DATA EXCERPT =>
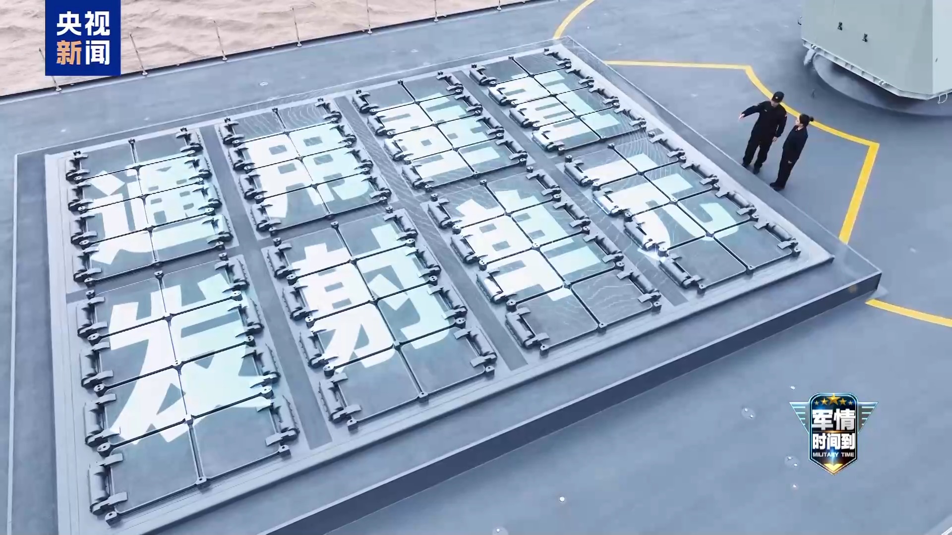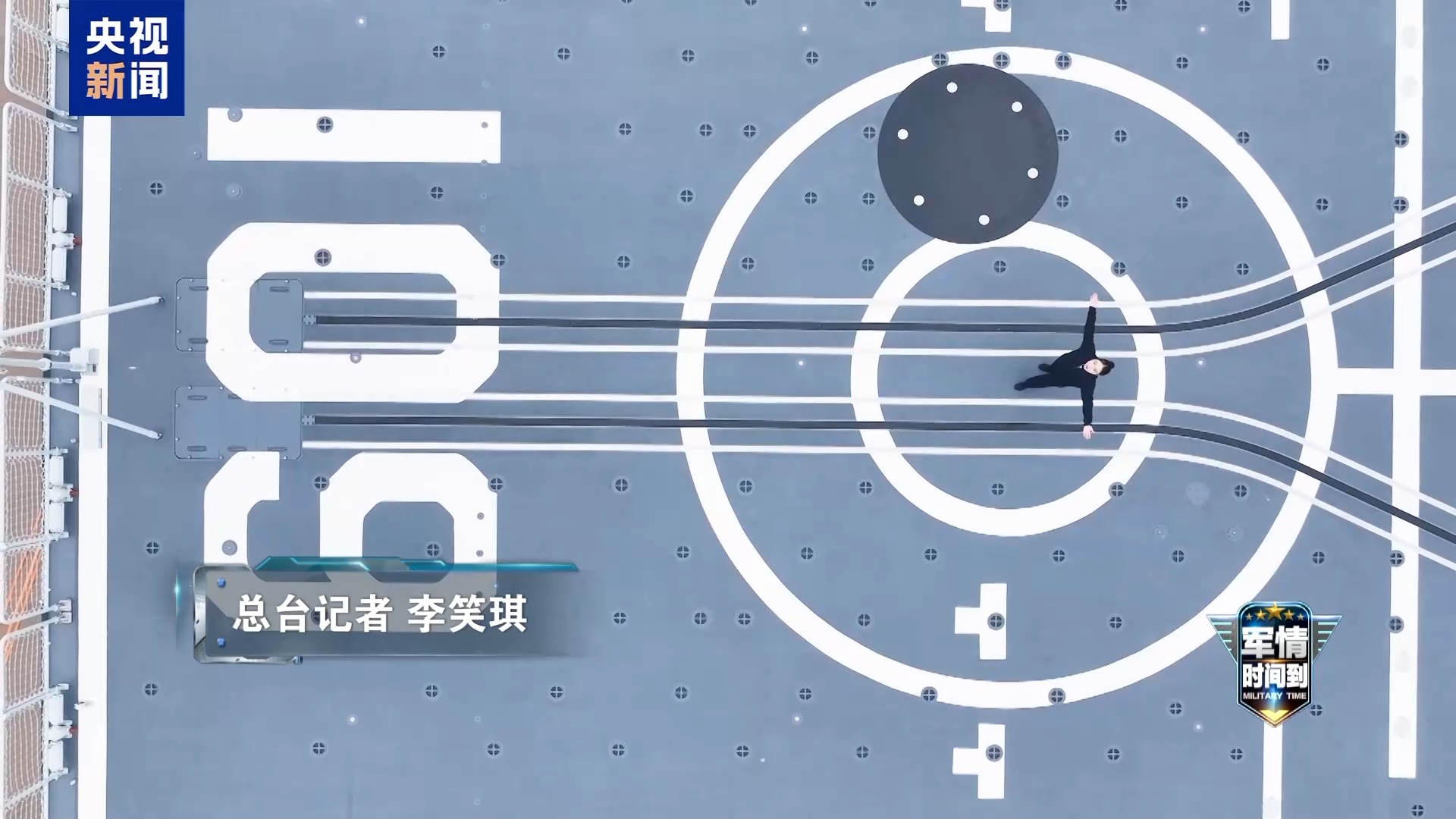 总台记者 李笑琪:接下来我们就要来到飞行甲板的位置,会发现这里很宽阔,那就意味着可以起降更大型的直升机。身后有两个大门,就代表可以同时搭载两架直升机。
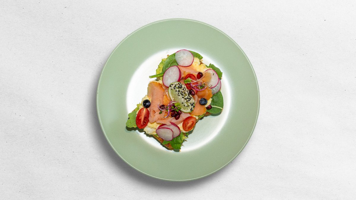 Toast s avokádem, míchaná vejce, uzený losos, microgreens, sezam, granátové jablko
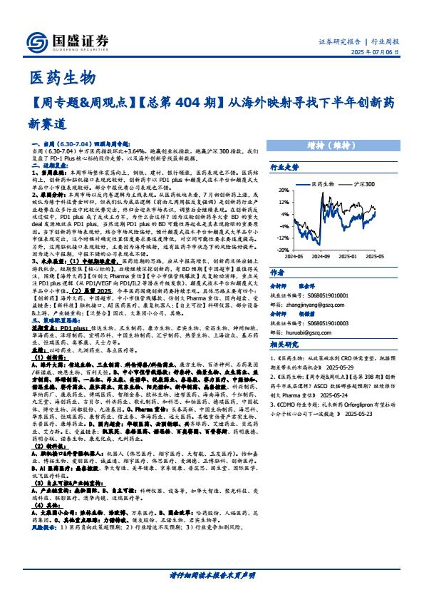 【18714】【国盛证券】医药生物行业周报:【周专题&周观点】【总第404期】从海外映射寻找下半年创新药新赛道 1天前 7月 1 预览结束,本文件为PDF文档,一共29页,请购买后,下载查看 资源下载下载价格59 H币VIP免费升级VIP立即购买下载或充值问题请将订单号发送到:2907878669@qq.com ,我们会在24小时内为您处理 科技电子

WHAT TO WORK ON =>
Leave out every picture and write out exactly the lines running from the line containing "Toast s avokádem, míchaná" to the end of the listing above.

SOLVED EXERCISE =>
 Toast s avokádem, míchaná vejce, uzený losos, microgreens, sezam, granátové jablko
 【18714】【国盛证券】医药生物行业周报:【周专题&周观点】【总第404期】从海外映射寻找下半年创新药新赛道 1天前 7月 1 预览结束,本文件为PDF文档,一共29页,请购买后,下载查看 资源下载下载价格59 H币VIP免费升级VIP立即购买下载或充值问题请将订单号发送到:2907878669@qq.com ,我们会在24小时内为您处理 科技电子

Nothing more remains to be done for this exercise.